Estoy recostado en una pequeña colina no muy lejos de la casa donde vivo, suelo venir aquí para pensar y salir un poco del sistema de cosas humanas, este es un lugar que solo frecuento yo y es un lugar que quiero conservar así, con su grama llena de pequeñas gotas de agua y con un aire frio y con olor a hojas pino, pero sobretodo quiero que sea un lugar en donde solo este yo y nadie más, ni criaturas espirituales o humanos. Dejo estar aquí a los pájaros y algunas ardillas pero solo porque técnicamente esas criaturas ya vivían aquí antes de que yo descubriera este hermoso lugar. El cielo está despejado y al mirarlo me pregunto si… mi padre me está viendo, ¿Los estará haciendo? No lo sé… mi padre es uno de esos que es de poco habla; sé que si estuviera mucho tiempo cerca de él su luz podría consumirme, después de todo es la energía del gran Todopoderoso y eso… pero a veces quisiera hablar con el más seguido y sin un intermediario o un sueño al que tengo que darle varias horas de reflexión para poder entenderlo.

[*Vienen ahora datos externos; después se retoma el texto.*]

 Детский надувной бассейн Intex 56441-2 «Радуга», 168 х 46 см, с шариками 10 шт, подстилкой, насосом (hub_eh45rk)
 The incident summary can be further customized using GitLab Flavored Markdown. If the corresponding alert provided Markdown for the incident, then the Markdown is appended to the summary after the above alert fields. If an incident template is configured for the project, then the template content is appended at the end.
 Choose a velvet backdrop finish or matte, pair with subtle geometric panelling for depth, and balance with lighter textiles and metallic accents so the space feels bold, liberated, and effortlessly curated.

 A lo lejos oigo la voz de mi madre humana, Vanessa, diciendo – ¡Ezrá, no dejes que la comida se enfríe! —

 Es como si cada vez que alguien me llamara la paz y la hermosura de este lugar se fuera abajo; sea mi madre o su esposo, o Papá, o alguno de mis hermanos. Por esa y otras razones no me gusta que nadie venga aquí.

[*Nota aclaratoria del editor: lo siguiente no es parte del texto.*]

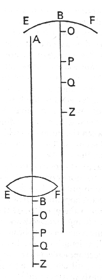 'I have here delivered what my thoughts have suggested to me concerning that part of optics which is more properly mathematical. As for the other parts of that science (which being rather physical, do consequently abound with plausible conjectures instead of certain principles), there has in them scarce anything occur'd to my observation different from what has been already said by Kepler, Scheinerus, Descartes, and others. And methinks, I had better say nothing at all), than repeat that which has been so often said by others. I think it therefore high time to take my leave of this subject: but before I quit it for good and all, the fair and ingenuous dealing that I owe both to you and to truth obligeth me to acquaint you with a certain untoward difficulty, which seems directly opposite to the doctrine I have been hitherto inculcating, at least, admits of no solution from it. In short it is this. Before the double convex glass or concave speculum EBF, let the point A be placed at such a distance that the rays proceeding from A, after refraction or reflexion, be brought to unite somewhere in the AxAB. And suppose the point of union (i.e. the image of the point A, as hath been already set forth) to be Z; between which and B, the vertex of the glass or speculum, conceive the eye to be anywhere placed. The question now is, where the point A ought to appear? Experience shews that it does not appear behind at the point Z, and it were contrary to nature that it should, since all the impression which affects the sense comes from towards A. But from our tenets it should seem to follow that it would appear before the eye at a vast distance off, so great as should in some sort surpass all sensible distance. For since if we exclude all anticipations and prejudices, every object appears by so much the farther off, by how much the rays it sends to the eye are less diverging. And that object is thought to be most remote from which parallel rays proceed unto the eye. Reason would make one think that object should appear at yet a greater distance which is seen by converging rays. Moreover it may in general be asked concerning this case what it is that determines the apparent place of the point A, and maketh it to appear after a constant manner sometimes nearer, at other times farther off? To which doubt I see nothing that can be answered agreeable to the principles we have laid down except only that the point A ought always to appear extremely remote. But on the contrary we are assured by experience that the point A appears variously distant, according to the different situations of the eye between the points B and Z. And that it doth never (if at all) seem farther off, than it would if it were beheld by the naked eye, but on the contrary it doth sometimes appear much nearer. Nay, it is even certain that by how much the rays falling on the eye do more converge by so much the nearer doth the object seem to approach. For the eye being placed close to the point B, the object A appears nearly in its own natural place, if the point B is taken in the glass, or at the same distance, if in the speculum. The eye being brought back to O, the object seems to draw near: and being come to P it beholds it still nearer. And so on little and little, till at length the eye being placed somewhere, suppose at Q, the object appearing extremely near, begins to vanish into mere confusion. All which doth seem repugnant to our principles, at least not rightly to agree with them. Nor is our tenet alone struck at by this experiment, but likewise all others that ever came to my knowledge are, every whit as much, endangered by it. The ancient one especially (which is most commonly received, and comes nearest to mine) seems to be so effectually overthrown thereby that the most learned Tacquet has been forced to reject that principle, as false and uncertain, on which alone he had built almost his whole Catoptrics; and consequently by taking away the foundation, hath himself pulled down the superstructure he had raised on it. Which, nevertheless, I do not believe he would have done had he but considered the whole matter more thoroughly, and examined the difficulty to the bottom. But as for me, neither this nor any other difficulty shall have so great an influence on me as to make me renounce that which I know to be manifestly agreeable to reason: especially when, as it here falls out, the difficulty is founded in the peculiar nature of a certain odd and particular case. For in the present case something peculiar lies hid, which being involved in the subtilty of nature will, perhaps, hardly be discovered till such time as the manner of vision is more perfectly made known. Concerning which, I must own, I have hitherto been able to find out nothing that has the least shew of probability, not to mention certainty. I shall, therefore, leave this knot to be untied by you, wishing you may have better success in it than I have had.'

 Inhalo y exhalo lentamente para prepararme para ir a mi casa, miro a mi alrededor; los arboles de pino, el pequeño árbol de moras que esta junto a mi; aun no me como la primera de sus moras; las estoy guardando para una ocasión especial, miro la grama mojada por el rocío de la mañana y me despido de este lugar dándome vuelta y fijando mi mirada hacia el camino que da a la casa de los humanos que me asignaron como padres. Después de pasar los arboles de pino que forman una pared que protege al lugar donde estaba todo es diferente; solo hay maleza que casi no me deja ver el sendero por el que voy, cadillos que se pegan a el pantalón jean negro que traigo y, algunos, a la chaqueta negra que llevo; me gusto esta chaqueta una vez que la vi, pero por ser larga hasta casi llegar a mis rodillas le tengo que quitar los cadillos cada vez que entro y salgo de aquel lugar.

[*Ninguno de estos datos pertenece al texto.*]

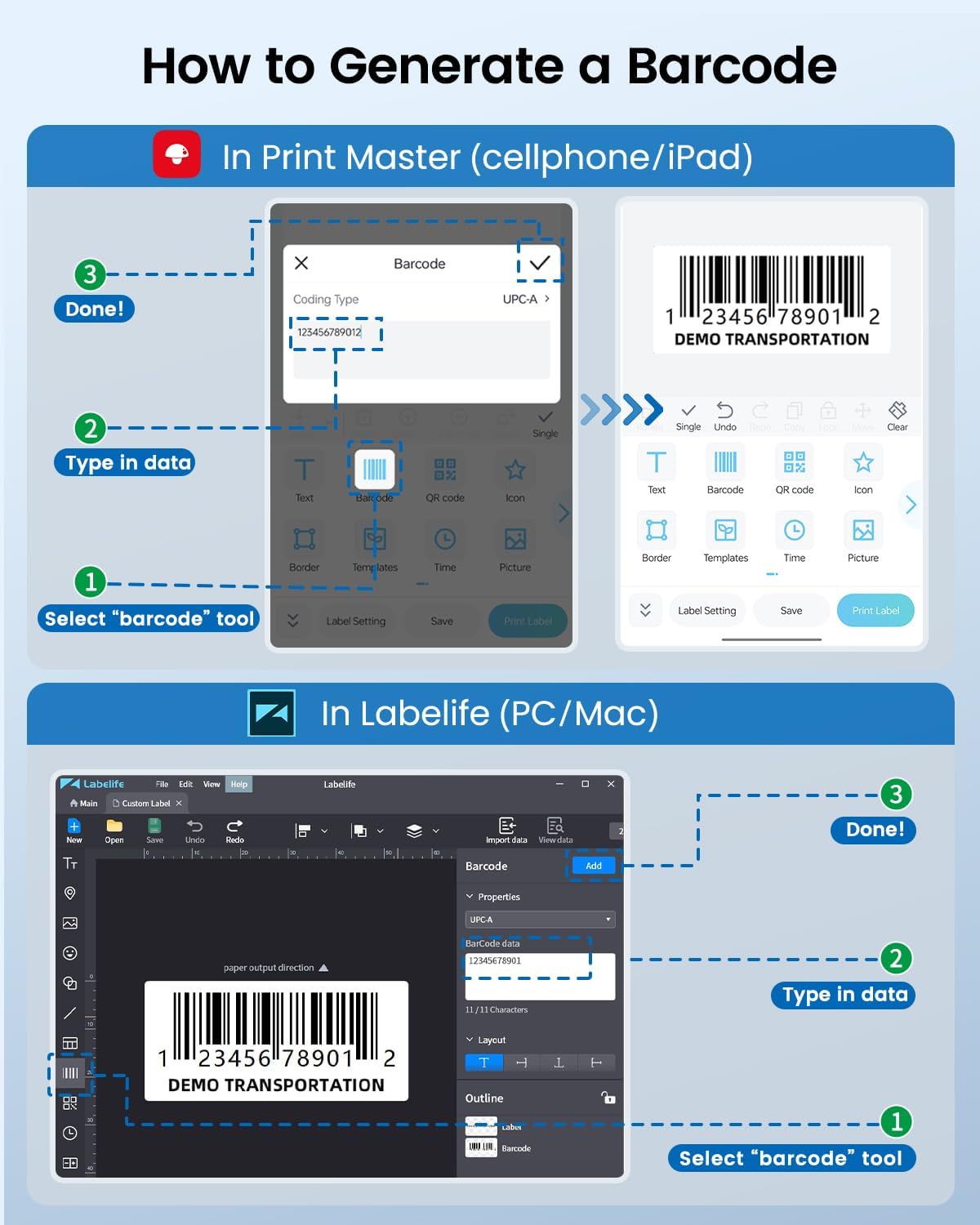 【Capable to Print Anyathing on Labels】This portable label maker can print labels in WIDTH of ¾” to 1⅞” (20mm-50mm), maximum LENGTH of 3⅛”(80mm): text, picture, QR code, barcode label, product label, address label, ingredient label, price label, clothing label, jewelry label, etc.Phomemo Label Printer supports batch printing.

 —«Huelo a humo. –Pienso mientras intento averiguar de dónde viene ese olor tan familiar. –Eso me recuerda a alguien… Lucifer... No son más de las siete de la mañana y ya viene a molestar.»

 A mi diestra dos metros cuadrados de maleza se secan casi tan rápidamente como se prenden fuego. De la maleza encendida sale mi hermano mayor, el infame y carnal Lucifer. Muchos piensan que es algo así como un hombre con cuernos y piernas de cabra, eso lo invente yo para fastidiarlo, en realidad, en su forma de humano, es un hombre de unos treinta, cabello negro bien peinado hacia atrás con gel fijador y piel blanca, ojos café; aunque a veces; cuando está enojado o aburrido; le gusta hacer que se vuelvan completamente rojos; es como un serpiente de cascabel; si vez que la serpiente agita su cascabel es porque debes alejarte; Lucifer hace lo mismo, solo que con sus ojos, casi siempre usa su traje de seda italiana de color negro, una corbata roja, sus zapatos gabardina y en su dedo anular lleva el anillo que le dio Papá varios milenios; mucho antes de que se revelara, a decir verdad me sorprende que no se lo quite nunca, es alto, más o menos de uno noventa, delgado y, según muchas de los humanos y humanas con las que se acuesta, un semental como ninguno.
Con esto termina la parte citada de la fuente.